_Problem statement_
Copy nothing but the text: reproduce each line of the listing exactly and leave the pictures out.

*** Given information ***

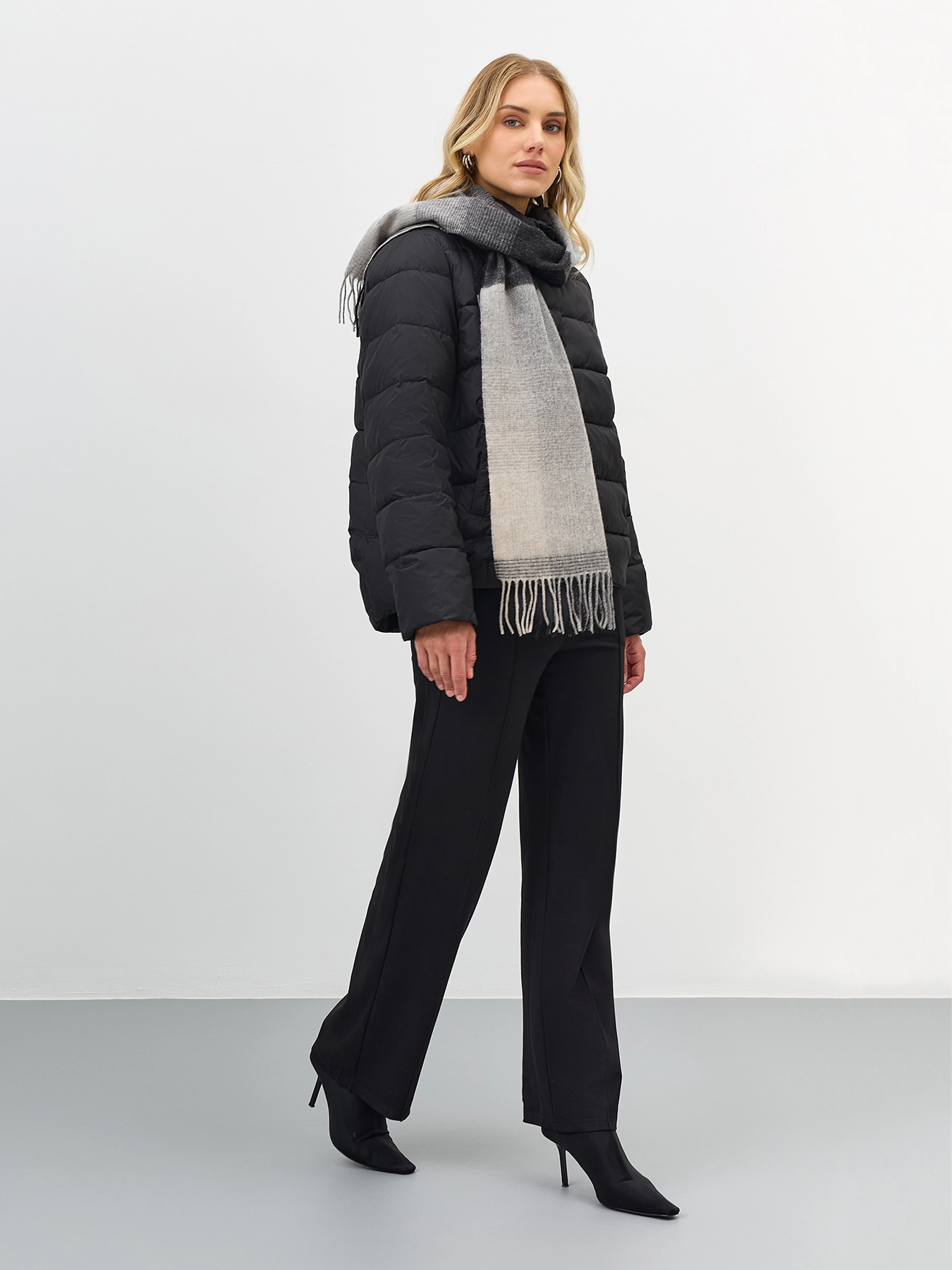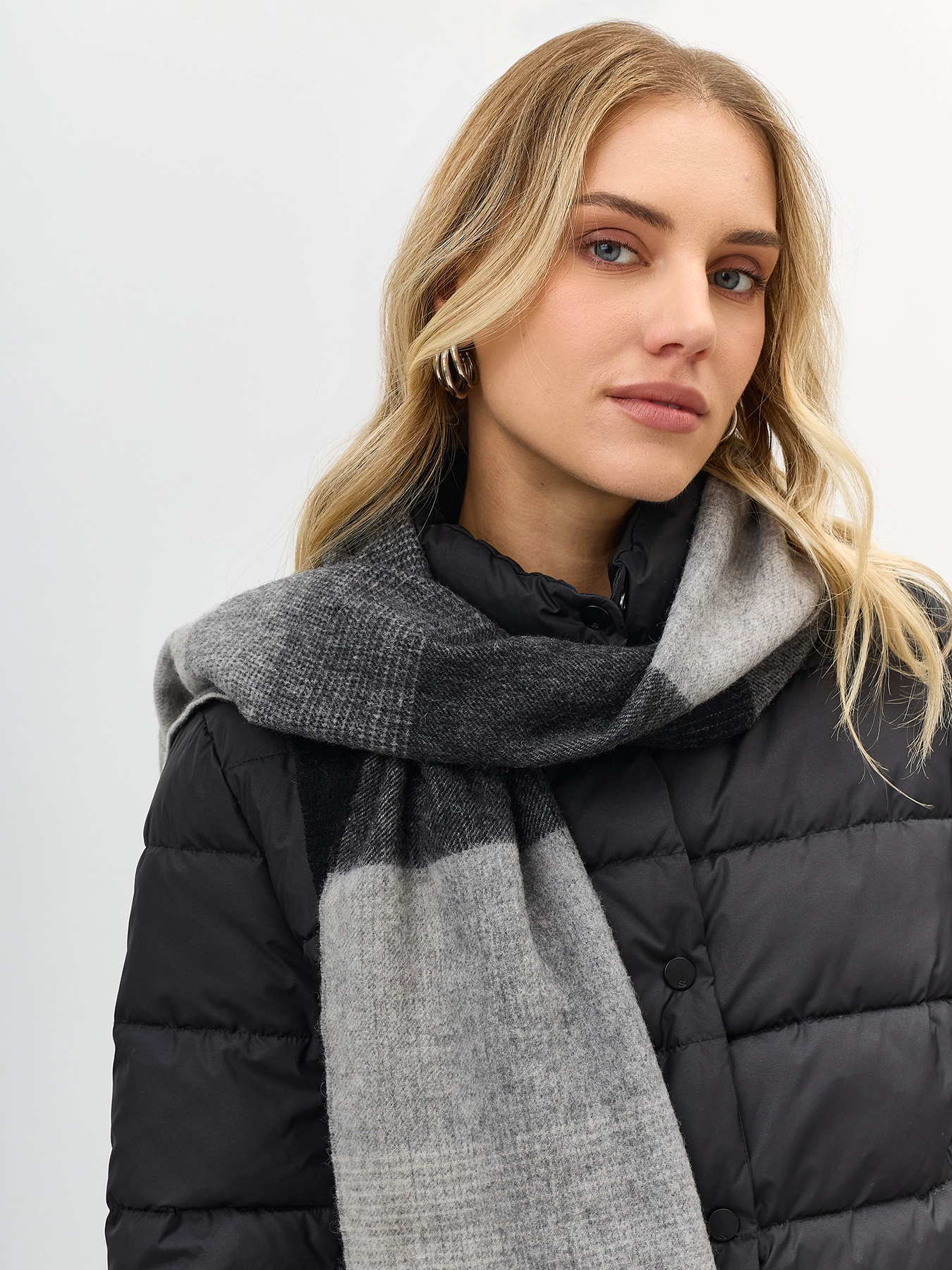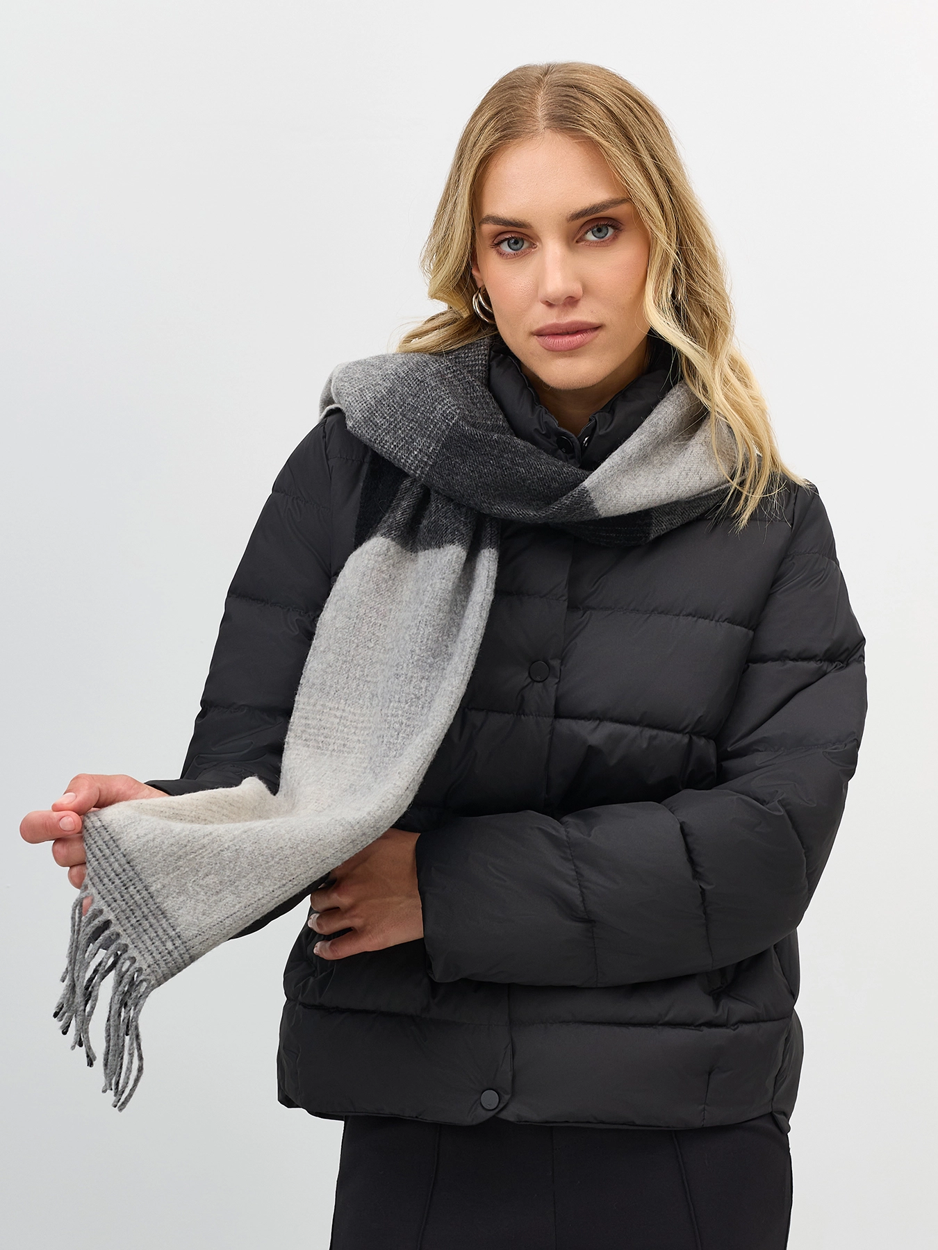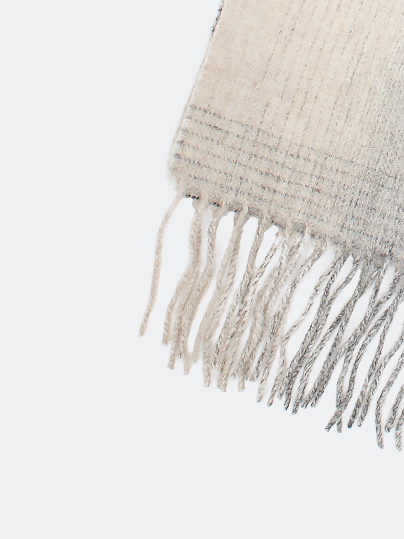 Шарф из 100% шерсти с клетчатым принтом и бахромой по краю. Прямоугольная форма, one size
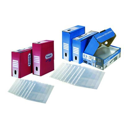 Buste a perforazione universale antiriflesso e goffrate, leggere e robuste, per archiviare un maggior numero di fogli. In PP antiriflesso, disponibili in confezioni da 200 pezzi, formato utile 22×30 cm.
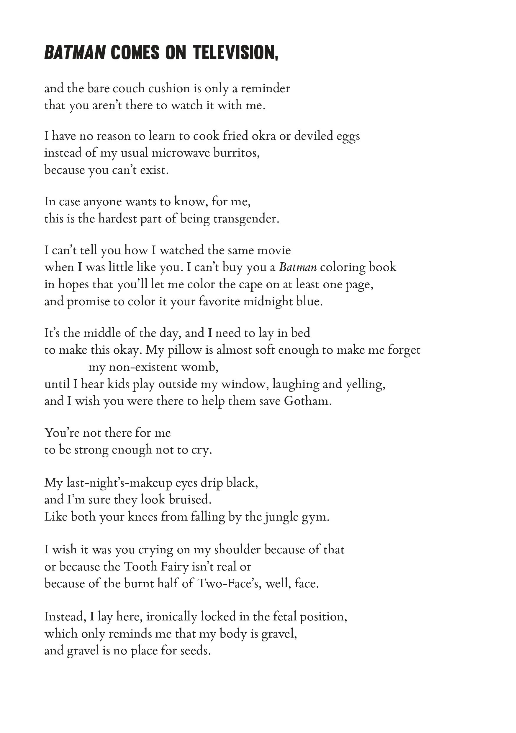 “Lilith Mae McFarlin’s So Long, and Thank You for All the Waterproof Mascara is a tour de force exploration of gender and sexuality—the artifice, the performative, and the genuine. These poems fearlessly punch back at our cruel political and cultural moment. In bold gestures, crisp imagery, and laugh-out-loud reversals that might make a reader’s mascara run, McFarlin invites us into her ‘penthouse level of unapologetic queerness.’”

*** End of Given information ***

_Your response_
 Шарф из 100% шерсти с клетчатым принтом и бахромой по краю. Прямоугольная форма, one size
 Buste a perforazione universale antiriflesso e goffrate, leggere e robuste, per archiviare un maggior numero di fogli. In PP antiriflesso, disponibili in confezioni da 200 pezzi, formato utile 22×30 cm.
 “Lilith Mae McFarlin’s So Long, and Thank You for All the Waterproof Mascara is a tour de force exploration of gender and sexuality—the artifice, the performative, and the genuine. These poems fearlessly punch back at our cruel political and cultural moment. In bold gestures, crisp imagery, and laugh-out-loud reversals that might make a reader’s mascara run, McFarlin invites us into her ‘penthouse level of unapologetic queerness.’”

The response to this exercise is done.